Тогда отец подошел ко мне, поцеловал в волосы, в руки, в лицо, потом завел лицемерные и трусливые жалобы и сказал:
– В день, когда тебе в самом деле понадобятся помощь и покровительство, скажи мне слово, и я протяну тебе руку.
Я собралась с последними силами и, напрягая горло, ответила:
– Этот день пришел, где ваша рука?
– Теперь тебе еще не нужна помощь, – поспешил он возразить.
– Нужна.
– Нет, нет.
И заговорил о другом.
– Представьте себе, сударь, что наступит такой день, когда у меня будет нужда в деньгах. <…> Я тогда пойду в певицы или буду давать уроки игры на рояле, но ничего у вас не попрошу.
Он не обиделся: с него было довольно, что он видит меня такой несчастной и что это для меня невыносимо.

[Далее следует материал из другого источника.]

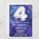 Garoto azul branco 4º Aniversário convite para meninos 4 convite de aniversário para um menino azul roxo com escrevendo moderno de escrita e balões de folha divertida.

Суббота, 25 ноября 1876 года
Мама так разболелась, что нечего и думать о том, чтобы везти ее в Версаль[67]. За нами заехали г-н и г-жа Мертенс. Я была, как всегда, в белом, но на голове черная бархатная шапочка, от которой волосы казались удивительно золотистыми. Шел дождь. Мы были уже в вагоне, как вдруг появляется какой-то еще молодой господин с орденом, такой француз с головы до пят, полунегодяй-полукавалер, на вид любезный, а на самом деле сухой, со всеми хорош, в душе груб и зол. Тщеславен и завистлив, остроумен и глуп.
– Позвольте, моя крошка, – сказала баронесса, – представить вам господина Жанвье де ла Мотта, одного из тех, кто возглавил наполеоновскую партию.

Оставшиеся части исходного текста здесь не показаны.